Joining as People for the Ethical Treatment of Property Owners (PETPO), and represented by the Pacific Legal Foundation, residents filed suit, claiming that the “take” rule for the noncommercial, intrastate Utah prairie dog exceeds Congress’s power to regulate interstate commerce. Congress has the power to regulate “commerce among the states,” not species. PETPO’s suit argues that the ESA cannot reach activities that are intrastate and noncommercial—activities, for example, like filling holes in your lawn or otherwise developing land where prairie dogs might live. The federal district court agreed and therefore struck down the “take” regulation. The case is now before the Tenth Circuit Court of Appeals.

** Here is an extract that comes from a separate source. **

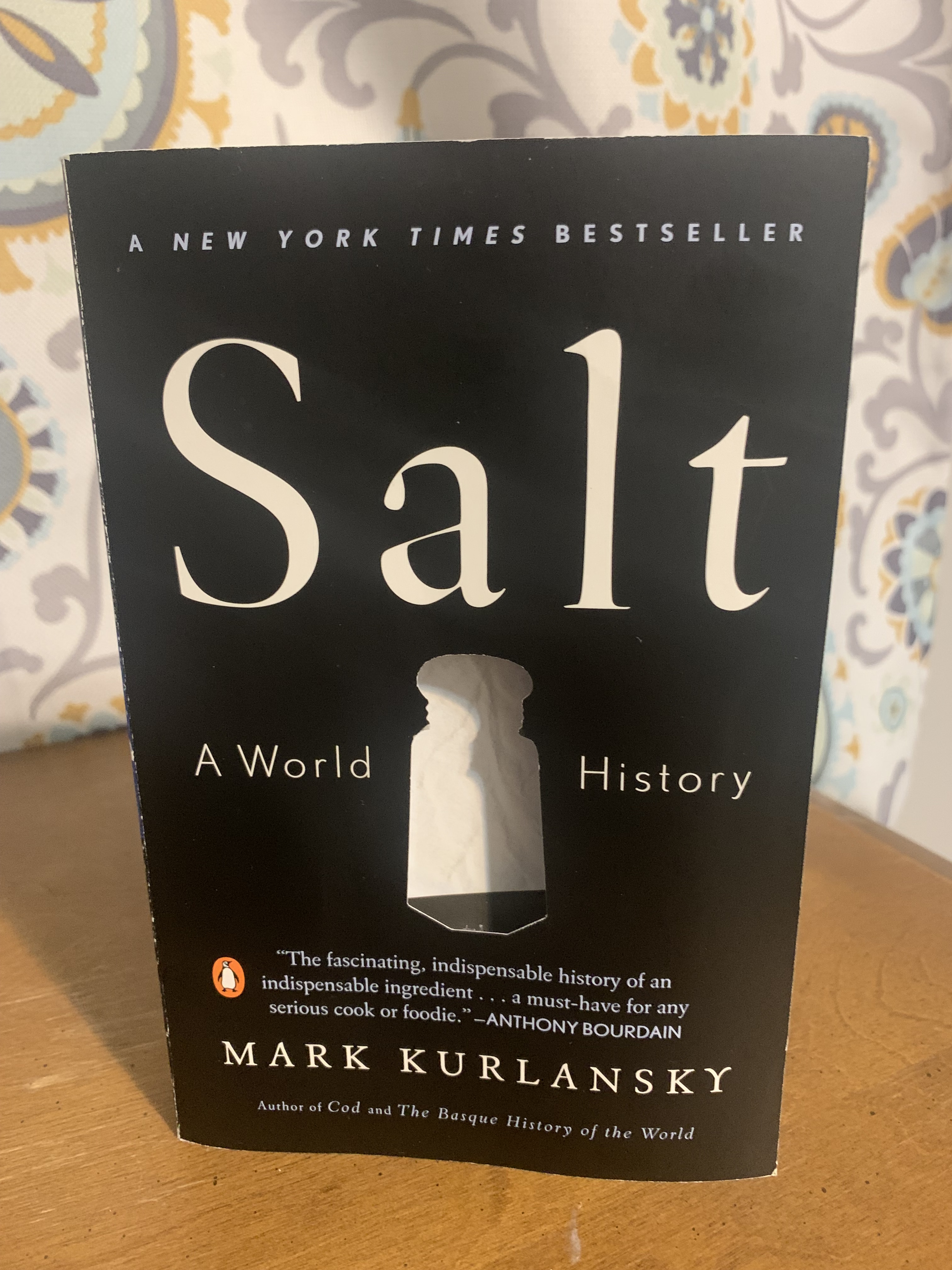 From ancient recipes and technological advancements to modern inventions and applications, taking Kurlansky from the Dead Sea to the Bahamas to China to England and everywhere in between, Salt is a much more enthralling book than one might imagine a book about salt could be, again, precisely because of how vital it has been and continues to be for humans. And not just owing to how we use and interact with it on a daily basis (often unknowingly), but because our bodies absolutely need salt to function. So, in conclusion, you won’t be salty after reading this book! (I couldn’t help myself.)

Joined by constitutional law professors Jonathan H. Adler, James L. Huffman, and Josh Blackman, the Cato Institute has filed a brief supporting the landowners. We argue, consistent with prior Supreme Court precedent, that the Constitution’s Commerce Clause affords Congress the power to regulate only items, channels, or instrumentalities of interstate commerce. If Congress wants to regulate activities that “substantially affect” interstate commerce, that power rests in the Necessary and Proper Clause, which gives Congress the means to regulate interstate commerce—provided those means are both necessary and proper. But the prohibited activities do not substantially affect interstate commerce. Moreover, the “take” rule is not necessary for regulating interstate commerce; Congress can regulate that commerce without prohibiting these residents from using their property. Nor is the rule proper since the power to regulate uses of property that do not affect interstate commerce belongs to the states. For those several reasons the “take” rule as applied to the Utah prairie dog exceeds the powers the Founders and the Founding generation delegated to Congress.